Remember when magic items used to be mysterious and cool? The excitement of finding a new sword, ring, or cloak was the highlight of the evening, second only to vanquishing that pesky foe.  These days it seems we have our checklists of magic items we want for our character and if that item is not in the treasure trove we just took, we will trade that magic hammer in and get what we really wanted to begin with. It has all become routine.

I often wonder if this is because we have been playing the game for so long or simply because as we grew older some of the magic lost its luster when it came to finding new magic items. Have we become too familiar with all the available magic items that we have simply become characters with a list of necessary items to complete the build or the concept?

Why Magic Items Lose Their Luster

From the familiarity standpoint there is certainly a case to be made that many of us have been playing for a long time. We probably know the descriptions of the more popular and frequently acquired items like the back of our hand. Rings of protection, cloaks of resistance, bags of holding – all must haves and something even first level characters know they want those items. It doesn’t take much for our characters to soon just have shopping lists. This does not do much to keep the magic and mystery in magic items.

Then on the other hand we sometimes get caught up with builds of characters. Builds aren’t just reserved for the optimizers, builds are also for certain concepts a player wants to roleplay. Inevitably builds seem to come with their own shopping lists in order to complete these builds just the way we want them.

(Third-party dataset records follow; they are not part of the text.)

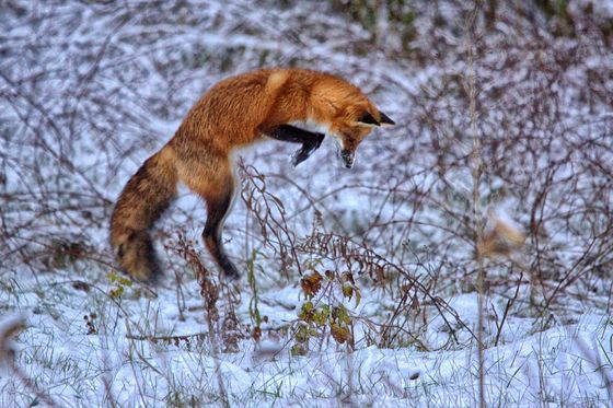 This fox is have his first winter in the bush. He sees and mouse moving under the snow and he is trying to stop it. He did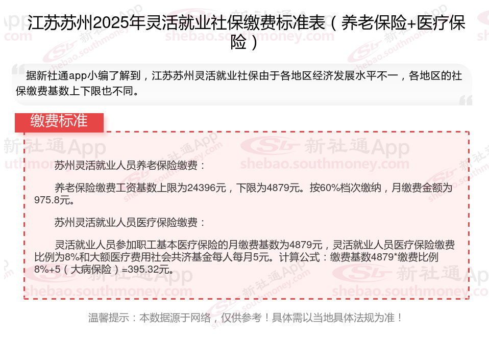 江苏苏州自由职业者社保缴纳金额怎么计算?根据新社通app-社保缴费查询工具提供的最新数据如下: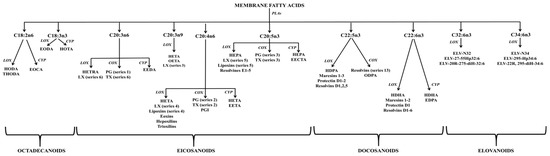 - Dyall, S.C.; Balas, L.; Bazan, N.G.; Brenna, J.T.; Chiang, N.; da Costa Souza, F.; Dalli, J.; Durand, T.; Galano, J.-M.; Lein, P.J.; et al. Polyunsaturated fatty acids and fatty acid-derived lipid mediators: Recent advances in the understanding of their biosynthesis, structures, and functions. Prog. Lipid Res. 2022, 86, 101165. [Google Scholar] [CrossRef] [PubMed]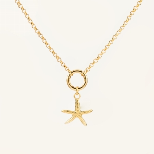 Zestaw CIRCLE&STELLA to delikatny naszyjnik z pozłacaną zawieszką w kształcie rozgwiazdy. Nawiązuje do wakacyjnych wspomnień i morskiej lekkości, idealnie wpisując się w letnie stylizacje. To biżuteria, która przyciąga subtelnym blaskiem i wyrazistym motywem - świetny wybór na prezent lub pamiątkę z wyjątkowego sezonu.
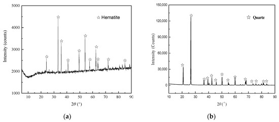 High purity hematite and quartz samples were obtained from Havre Saint-Pierre iron ore mine in eastern Canada and US SILICA company, respectively. The results of X-ray powder diffraction (XRD) pattern inspection (Figure 1) and X-ray fluorescence chemical (XRF) analysis (Table 1) were determined using Ultima IV and S8 TIGER devices (Laboratory of Chemistry and Materials Engineering, Shenyang Ligong University, China), respectively. The purities of the hematite and quartz samples were 97.12% and 98.51%, respectively.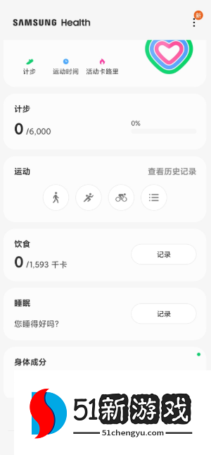 1、在本网站上下载并安装三星健康app,进入主页,您可以看到步数、运动、饮食、睡眠质量等。

And finally there is the naming convention some of the more common magic items use. Longsword +1, Ring of Protection +3, Cloak of Resistance +2 and so on and so on. This naming mechanism really depicts the magic item for the pure mechanical advantage it is.

Bring That Shine Back

There are a lot of factors conspiring against keeping the magic in magic items for anyone that has been playing RPG games for many years. What can a GM do to help put the magic back into magic items?

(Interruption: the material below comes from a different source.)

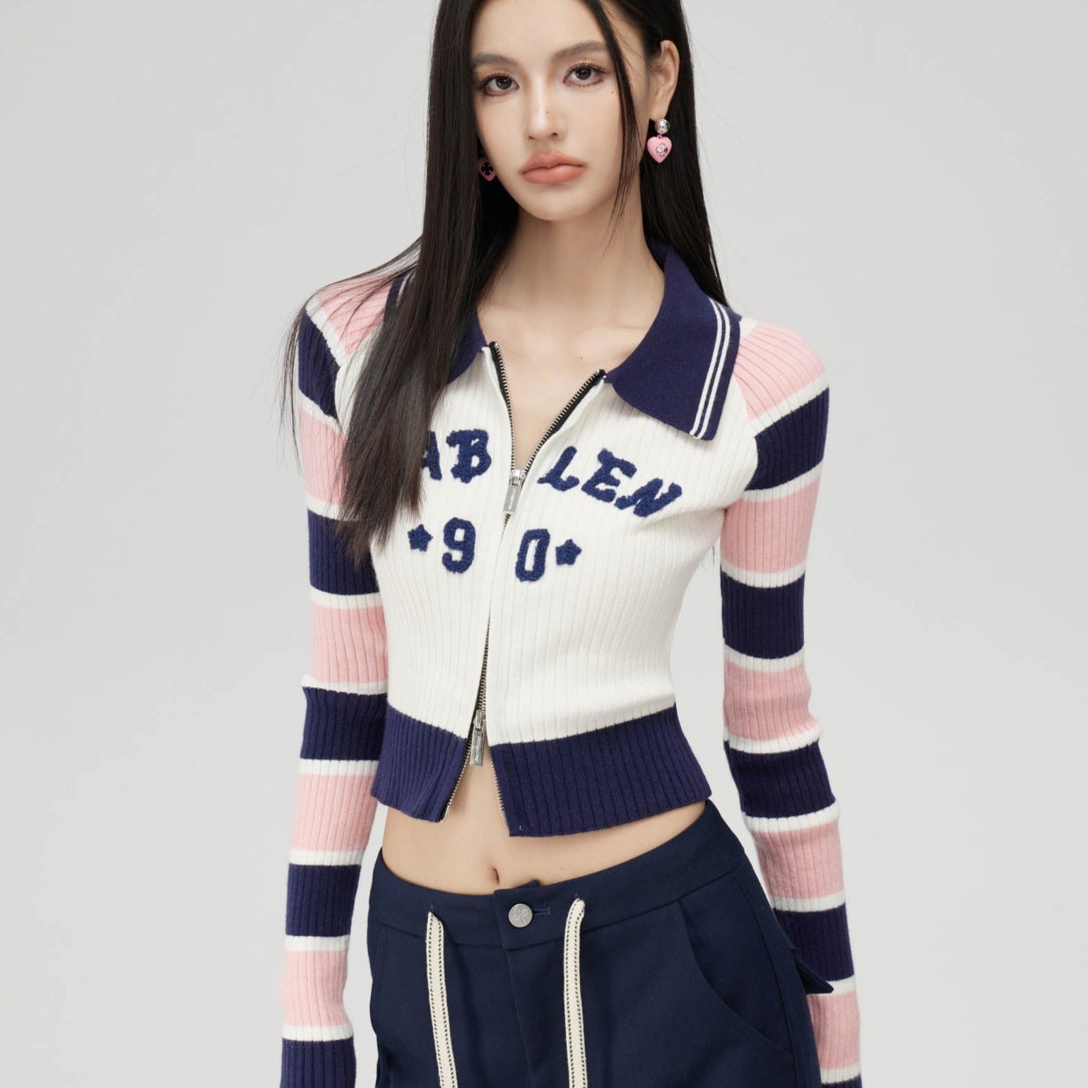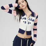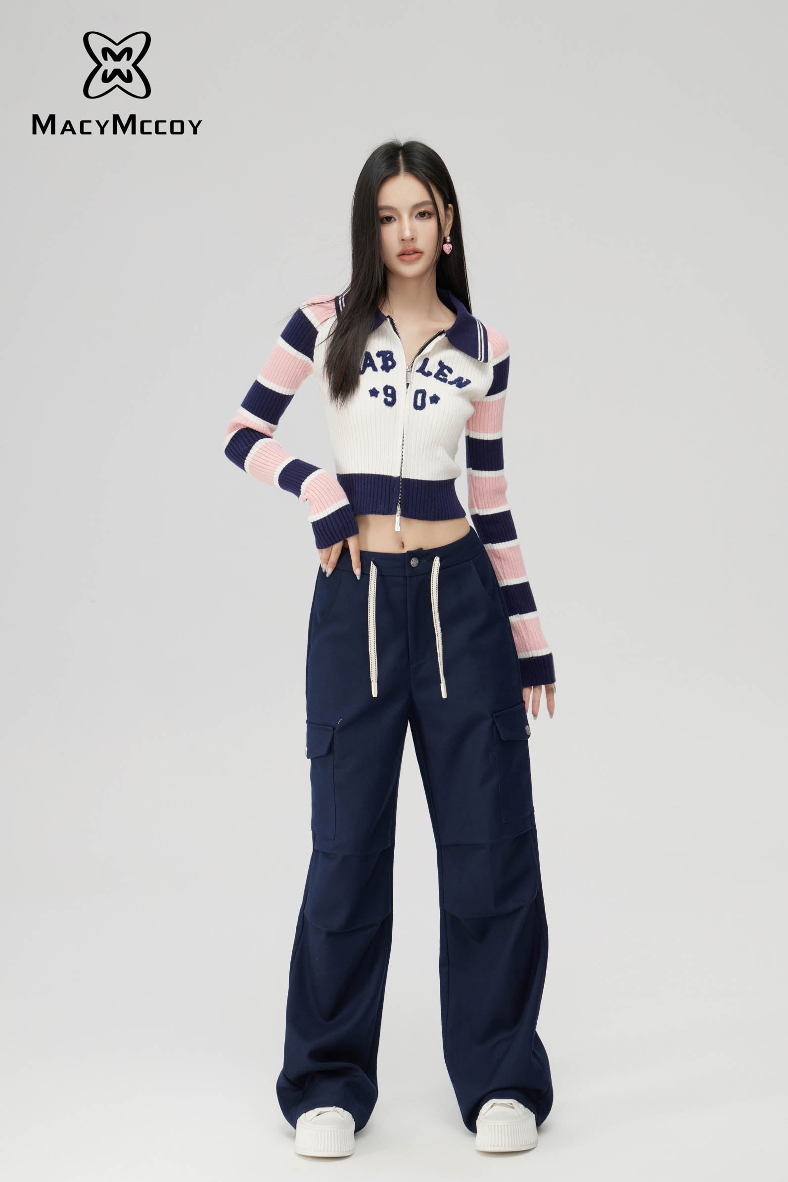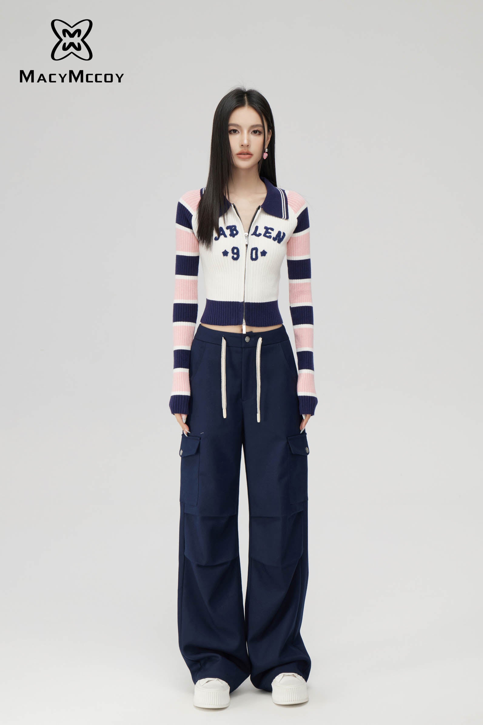 MacyMccoy SS2310 条纹拼接针织上衣 米

Kobold Quarterly just released the first in a short series on removing the game mechanic “plus” value from the item by substituting in a name for that level of bonus. The first article talks about weapons and armor and suggests a bastion shield would note a +2 shield bonus and +1 bludgeoning weapon would be a “thumping” mace. You can of course change these designations, but the article is certainly a launching pad for coming up with your own naming conventions to step away from simply listing a numerical modifier.

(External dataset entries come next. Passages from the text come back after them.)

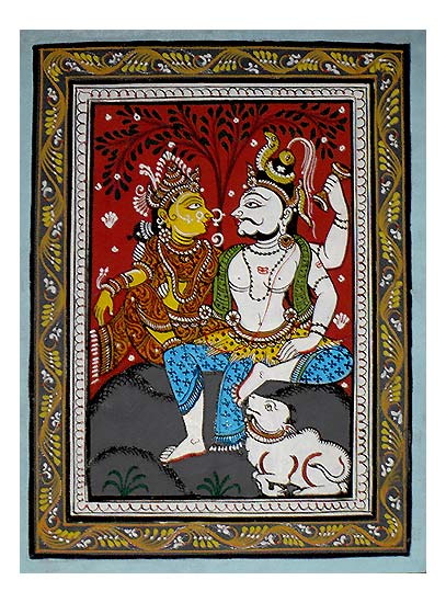 In this spectacular Patachitra painting, Lord Shiva and Parvati are sitting face to face. They are wearing some spectacular ornaments. Nandi, Lord Shiva's vehicle, is also sitting nearby. The cosmic couple Lord Shiva, one of the Trinity Gods in Hinduism, and Parvati are given a refine and detail touch with a deep sense of accomplishment. Lord Shiva and Parvati are considered the most ideal couple by Hindus and they are worshiped all over the subcontinent. Patachitra is a popular genre of ethnic painting in Orissa and was born out of the cult of God Jagannath, the presiding deity of Orissa temple. Spectacular pictorial conceptions, characteristic conventions and vibrant color patterns make the Patachitra a unique treasure in the rich coffer of Indian ethnic art. Primarily executed on cloth, using natural colors, these ethnic paintings have charmed admirers across the globe.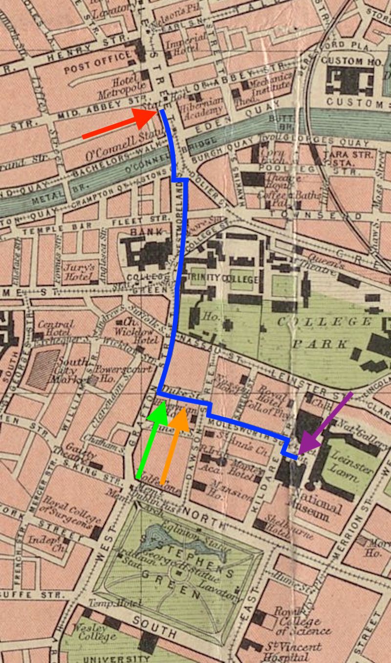 southward down O'Connell, Westmoreland, and Grafton Streets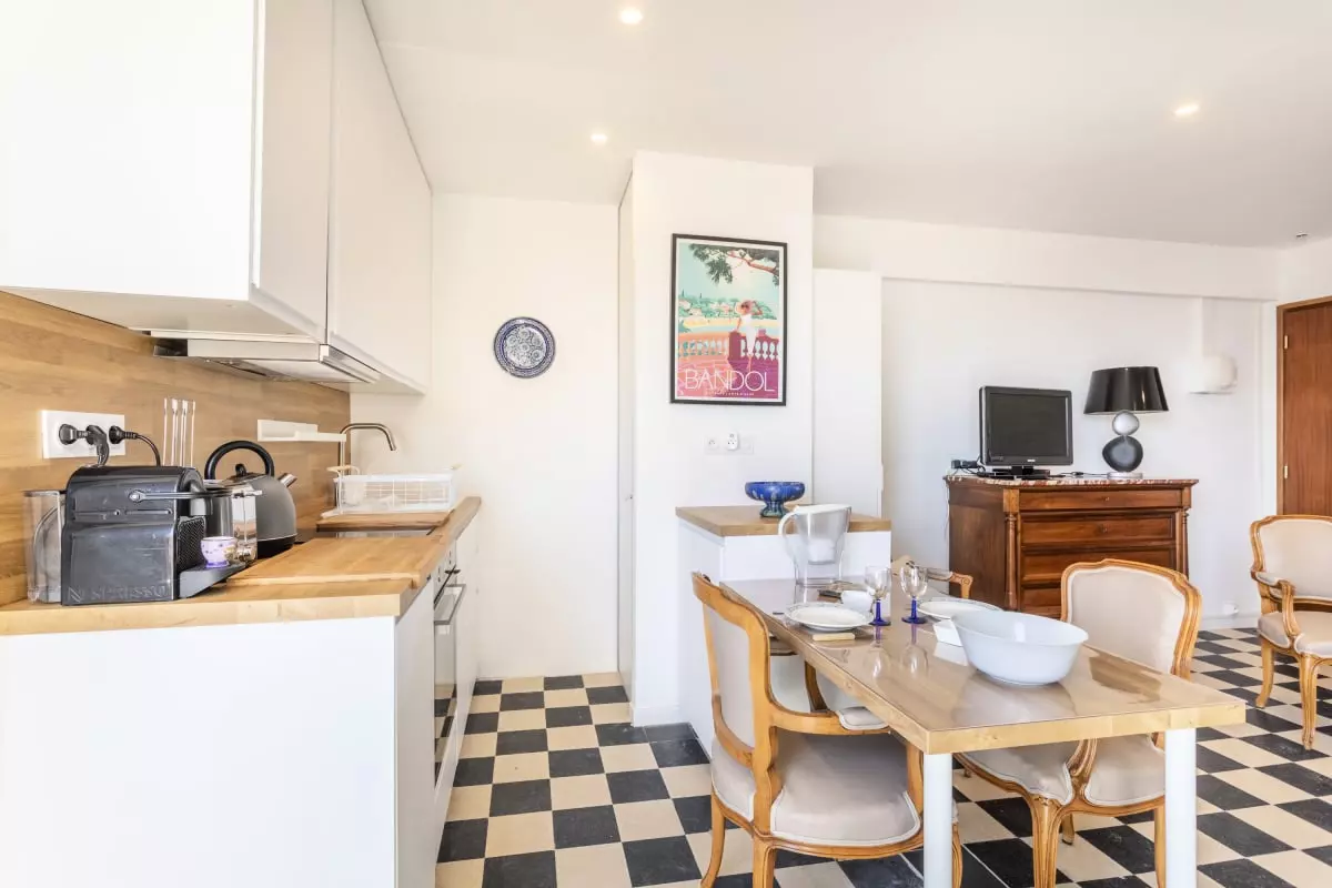 Profitez d'une parenthèse ensoleillée à deux dans ce studio lumineux, classé 3 étoiles, de 32m² à Bandol, avec vue imprenable sur la mer méditerranée.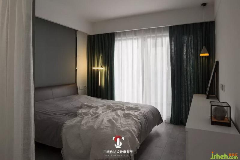 當(dāng)代藝術(shù)與臥室空間相遇,碰撞出別開生面的意象,墨綠與黑白灰的配色,安靜沉穩(wěn)而又不失格調(diào),設(shè)計(jì)感與舒適感的交融,疏簡(jiǎn)素淡的內(nèi)涵。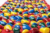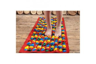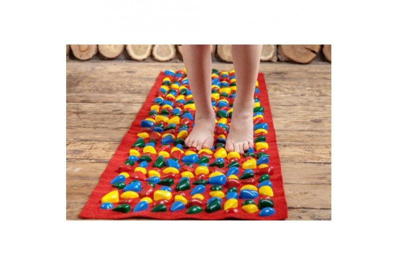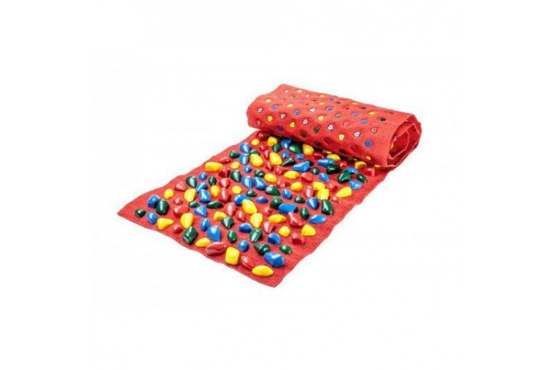 Коврик-дорожка с цветными камнями является одновременно прекрасным массажером для ног и развивающей игрой для детей, она нравится всем без исключения малышам.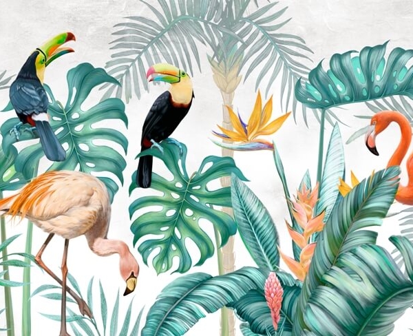 - BLOMMOR, DJUR, Fototapet, Rum, TROPISKA LÖV, VARDAGSRUM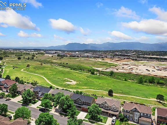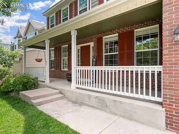 ** Welcome home to sweeping Pikes Peak views! This lovely home has unobstructed mountain views and dedicated green space behind it with a large backyard and expansive deck/pergola to be able to sit and enjoy the views. ** Covered front porch ** Grand entry with sweeping staircase ** Furnace replaced in 2019 ** Carpet replaced upstairs in 2022 ** Oak wood floors refinished and sealed ** Open great room concept has a large kitchen w/ island and breakfast bar seating, granite counters, tile backsplash, gas range, and stainless steel appliances included ** Gas fireplace with stone surround ** Built-in bookcase shelves with accent lighting ** Main level office ** Spacious primary suite on upper level w/ large 5 pc bath and huge walk-in closet ** Additional living space in the basement with a family room, 2 more bedrooms (1 non-conforming), and a 3/4 bath. ** This is one not to be missed!

Another thing a GM can do is build a little history behind the magic item. Who had this ring or cloak before? How did it end up tucked away in a trunk in the back of this orc’s cave? Perhaps there were some initials sewn into the cloak or engraved into the inner band of the ring.  The player may never fully investigate the history, but he will quite likely remember that the cloak he wears had initial sewn into it when he found it.

Sometimes the manner of getting the magic item into the character’s hands can make a difference. I had a GM give one of my characters, who at the time was a two-weapon ranger type, a finely crafted bow via a minor goddess. This shifted my character’s whole motif with him retraining feats and such to learn to use this bow more effectively.  The character even went as far to turn in a magic sword he had obtained previously to a deity’s temple so he could focus on the bow.

Most games I play in have access to the ever popular “magic shop”. Magic shops can certainly vary under different GMs though. One way to help make magic items a little more special without banning magic shops is to just limit their availability of items a bit. Do not assume that any item a character ones can be found in the magic shop. There should be some scarcity to not quite so common items. Sure, a bag of holding? Good chance the shop has that or can get one pretty quickly. A +5 Holy Avenger? Eh, not so much.

By limiting the magic shop’s supply a little you can help make going to a magic shop feel more like going to Half Price Books hoping to find that legendary Deities and Demigods book with Cthulhu rather than going to WalMart to buy a gallon of milk. The scarcity is not to punish your players, but to let them know sometimes it takes a little work to get just what you are looking for.


Tackling the lost luster of magic items is not an easy task for groups that have lost it. The GM will have to work a little harder with some of the suggestions made above to make magic items fun again. Add in that it is a fine line between keeping the player happy and trying to put the magic back into magic items the task difficulty further increases.

Still work with your players, you do not want to deny them characters they find fun. But maybe that item they desire so badly isn’t available at the corner magic shop just yet. Maybe that noble in town happens to have one that he is offering as a reward for clearing the family crypts of the undead that have infested it.  The extra effort needed to gain magic items just might make it that much more special to the character and put some of the magic back in to magic items again!